Человеческую кожу споры превращали в одну сплошную уродливую язву; неосторожный вдох мог стоить жизни.
Я наблюдала, не отрываясь, и, кажется, забывала моргать; в глазах появилась резь от сухости.
— ...О, обед уже готов? А могу я попробовать? — послышался вдруг мелодичный голос Лао. — Не хмурься, Итасэ... Можно звать тебя просто Ран?
— Не трогай.
"Пузырь" вздрогнул — и вниз, навстречу облаку радужной пыли кто-то упал, раскинув руки крестом.
Лао.
Все длилось несколько секунд, но растянулось на часы.
Я видела, как споры окутали его, прожигая кожу, но не одежду; как расцвели багровые язвы на лице и руках; как побелели глаза и в дым истончились волосы; как с чмоканьем подалась вверх сырая синяя губка, обволакивая тело, как оголились кости, и...
Это не он. Разумеется, не он.
Купол раскрылся во всю ширь и мощь, показывая мне то, что я не могла увидеть, зато прекрасно видел Тейт, вывернувший шею.
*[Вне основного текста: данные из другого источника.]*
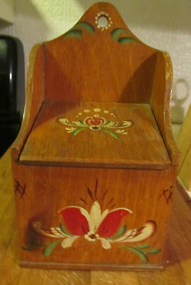 Title (ebay affiliate link): Antique or Vintage Primitive Tole Painted Wood Hanging Salt/Candle Box with Lid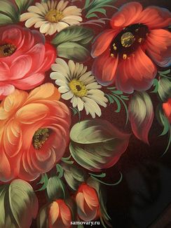 Закажите Поднос Жостово "Цветы на бордовом фоне" диаметр 32 см, арт. А-8.13 у компании Тульские самовары в Санкт-Петербурге на портале Alloy: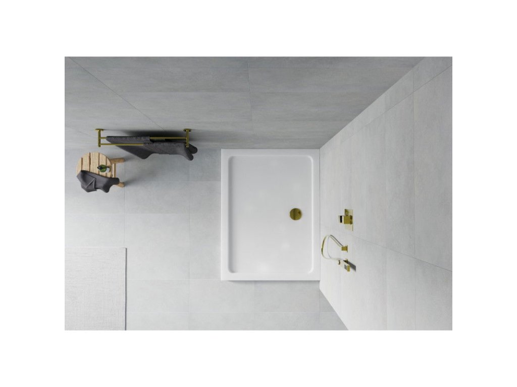 Mexen Flat sprchová vanička obdĺžniková slim 110 x 90 cm, biela, sifón zlatý - 40109011G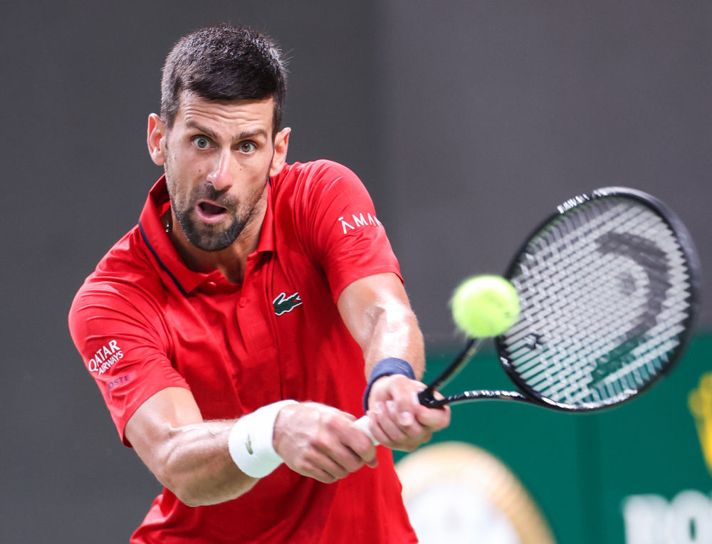 10月9日,焦科维奇在比赛中回球。当日,在2025年ATP上海网球大师赛男子单打四分之一决赛中,塞尔维亚选手焦科维奇2比0战胜比利时选手贝格斯,晋级四强。新华社记者 丁汀 摄

Лао, живой и невредимый, засмеялся, на полшага отступив от Итасэ, который, морщась, ощупывал свое плечо — так, словно чужое прикосновение, мимолетное и дружеское, по-настоящему обожгло.
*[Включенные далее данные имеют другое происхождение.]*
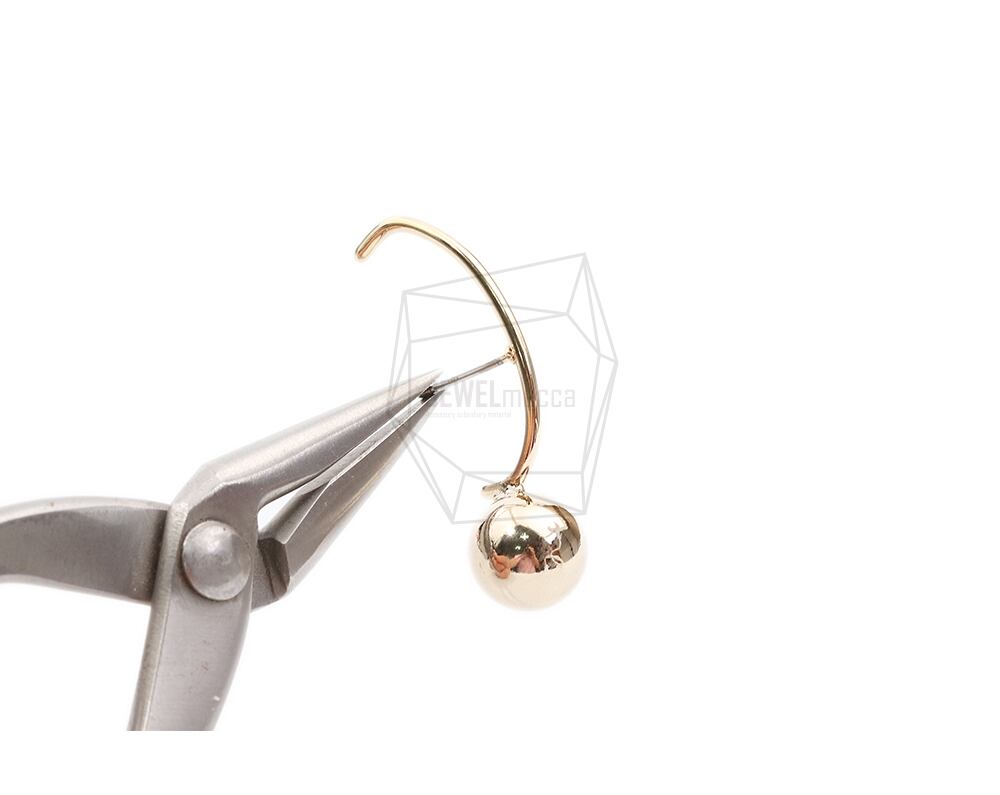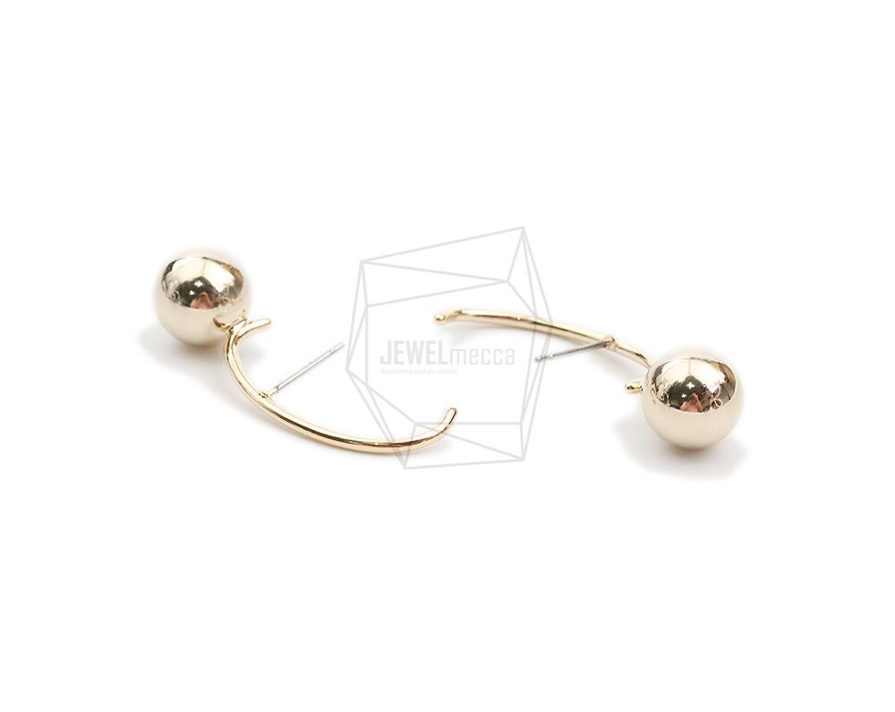 ERG-2091-G/2PCS/Round Ball Post Earring/10mm x 35mm/Gold Plated Over Brass ,Stainless Post

— Ран-кан, — произнес Ригуми Шаа, вроде бы мягко, но с отчетливой угрозой.
Итасэ дернул головой, кривясь. Лао примирительно прижал руку к груди, улыбаясь:
— Не стоит беспокойства, Шаа-кан. Это моя вина, Итасэ Ран был очень добр, когда показал свое искусство... — Голос его вдруг стал ниже, опаснее, не теряя мелодичности. — Я учту ошибку.
— Ран-кан, — повторил мастер ещё мягче.
Итасэ замер, а потом отвернулся, кутаясь в дымно-серый шарф.
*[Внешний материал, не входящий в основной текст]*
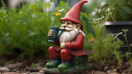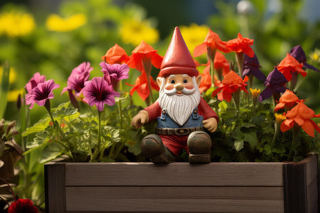 An AI generated illustration of a gnome figurine on a pot of flowers in a garden

— Прости, Лао-кан. Это вышло случайно.
Раскаяния в его словах не было ни на гран.
Голова кружилась; дыхание было поверхностным и мелким, спина взмокла. Хорошенький дневной привал, ничего не скажешь...
Тейт поерзал, повздыхал, а потом вдруг цапнул меня за загривок, да так, что наверняка остались следы от зубов.
— Забей волноваться за Лао, — отчетливо сказал рыжий. — Его так просто не убьешь.
Полегчало.
После этого случая я невольно стала присматриваться к Итасэ. Не к лицу, разумеется, после индивидуальных занятий оно и так впечаталось в мою память, как фотография. Но вот манеры и мысли... Вроде бы ничего особенного, однако что-то напрягало.
И на одиннадцатый день я наконец осознала, что именно.
На одиннадцатый... великий мастер-детектив, да уж.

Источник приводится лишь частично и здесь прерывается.